In recent years, contemporary society – and so too the art world – has experienced a return to spirituality. Previously seen as a negative aspect of the eroticised ‘other’, this growing acceptance of mysticism and ritual, in combination with our secular malaise, is reclaiming and reimagining the everyday. NETHERWORLDS at Melbourne’s SEVENTH Gallery brings forth the underworld, claiming the gallery as a sanctuary: a place of peace and contemplation for practices perceived as maligned, perverse or otherwise ill-defined.
The exhibition features the work of six artists, all of whom could be considered ‘outsiders’. Many of the works embody histories of accusation and exclusion but also of acceptance and transformation, contributing to a sense of thresholds being enforced and transgressed. Running across the length of the gallery wall, Chantal Fraser’s line of lurid masks, #traditional #blurred lines (2013-17), combine her Samoan heritage with contemporary references to pop culture. Invoking rituals of adornment, the masks act as a point of connection and a marker of identity.
A book lies suspended mid-air by a length of chain. It contains Gate, Group, Road, Sigil and Collages (2012-2016) by Clay Kerrigan. Meditations on queerness, spirituality and contemporary culture are combined with a series of webcam photographs documenting the spiritual and artistic process to craft a visceral expression of queer spirituality. Similarly, Blake Lawrence’s Big Shroud (2016) serves as a document of both the artistic and ritualistic process. In this instance, the subject of the photograph is rendered unknown, all identifying features are kept hidden behind a veil of blue fabric.
Drawing upon the language of BDSM and fetishism, Anastasia Booth’s Portrait series presents three rituals of female sexual empowerment. In Portrait of Artemis (2016) the encounter with the female body is alluring, and at the same time sexually defiant. Dressed in leather and wielding an oversized phallus, the archetypal ‘woman in waiting’ is now a warrior.
In a work suggestive of both a sacrificial altar and a funeral pyre, Lustration (2017) by Naomi Blacklock, fills the gallery with the unnerving sound of the artist’s heavy breadth and howling screams. At the same time – from within the mound of firewood – a pool of water froths and bubbles with an intensity equal to the violence of the sound. Like Booth’s Portrait series, Blacklock reclaims and reimagines a history of female sexuality. By enacting rituals of female self-empowerment, both artists disrupt the historical tendency to view female eroticism as grotesque or submissive, and in doing so re-inscribe the awe-inspiring power of these (hidden) mythologised women.
Fortunes of the Forest (2017) by Caitlin Franzmann is the work which perhaps best examines the relationship between contemporary art and spirituality. Utilising the ritualised practice of divination, Franzmann invites you to perform a reading with divination cards, borne from her observations of the Karawatha Forest and its systems.
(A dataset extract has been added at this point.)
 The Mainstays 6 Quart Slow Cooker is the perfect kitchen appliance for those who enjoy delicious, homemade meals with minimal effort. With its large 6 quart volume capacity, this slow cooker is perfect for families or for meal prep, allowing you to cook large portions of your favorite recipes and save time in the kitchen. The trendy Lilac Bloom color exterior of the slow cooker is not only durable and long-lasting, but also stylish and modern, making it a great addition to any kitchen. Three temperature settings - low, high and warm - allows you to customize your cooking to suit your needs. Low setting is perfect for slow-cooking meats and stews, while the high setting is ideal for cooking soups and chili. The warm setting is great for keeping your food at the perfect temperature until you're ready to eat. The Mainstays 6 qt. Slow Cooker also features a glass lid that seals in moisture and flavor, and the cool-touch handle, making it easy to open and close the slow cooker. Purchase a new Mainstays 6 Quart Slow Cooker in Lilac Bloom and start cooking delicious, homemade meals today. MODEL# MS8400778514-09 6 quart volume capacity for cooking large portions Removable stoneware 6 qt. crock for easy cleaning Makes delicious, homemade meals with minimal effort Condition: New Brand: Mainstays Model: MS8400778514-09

However, in a ritual designed to connect us with an earthly ancient knowledge, the work suffers from the absence of Franzmann as a spiritual guide. By placing the responsibility to divine such knowledge solely in the hands of the viewer, Fortunes of the Forest lacks the social aspect inherent to this form of divination.
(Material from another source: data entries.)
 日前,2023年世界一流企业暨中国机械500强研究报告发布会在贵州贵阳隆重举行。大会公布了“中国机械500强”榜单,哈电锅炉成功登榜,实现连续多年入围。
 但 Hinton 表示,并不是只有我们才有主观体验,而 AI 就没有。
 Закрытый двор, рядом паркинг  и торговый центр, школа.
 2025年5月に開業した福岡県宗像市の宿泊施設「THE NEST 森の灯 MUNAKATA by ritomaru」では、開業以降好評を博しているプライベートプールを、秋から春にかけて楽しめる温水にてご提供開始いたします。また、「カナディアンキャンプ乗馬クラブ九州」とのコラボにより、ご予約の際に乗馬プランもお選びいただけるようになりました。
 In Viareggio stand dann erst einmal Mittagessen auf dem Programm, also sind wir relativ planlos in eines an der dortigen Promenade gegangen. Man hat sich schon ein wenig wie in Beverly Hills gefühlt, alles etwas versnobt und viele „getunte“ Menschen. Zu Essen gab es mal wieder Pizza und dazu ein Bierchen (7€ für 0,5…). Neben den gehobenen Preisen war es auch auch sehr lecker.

Despite the exhibition’s treatment of spirituality, magic and witchcraft as terms which are vastly interchangeable, NETHERWORLDS is careful never to imply that people’s experience of spirituality is homogenous. Reflecting upon the relationship between art, spirituality and outsiders, the act of entering a gallery is often cited as a religious experience. Occupying both religious and art spaces is accompanied by their own, unique set of rituals. By bringing their distinct experiences into this sacred setting, each artist is successful in their attempt to craft new rituals for queer and feminist communities within the context of art. In doing so, they open up new possibilities for contemporary society, implicating the viewer within their journey.
Biographies
Rachel Ciesla is a curator and creative producer from Perth currently based in Melbourne. She has worked in the contemporary arts sector across a variety of curatorial, marketing and administrative roles. With an interest in critically-engaged practices that address issues of identity and community. Rachel is undertaking a MA Curatorship at the University of Melbourne and holds a BA in Art History from the University of Western Australia.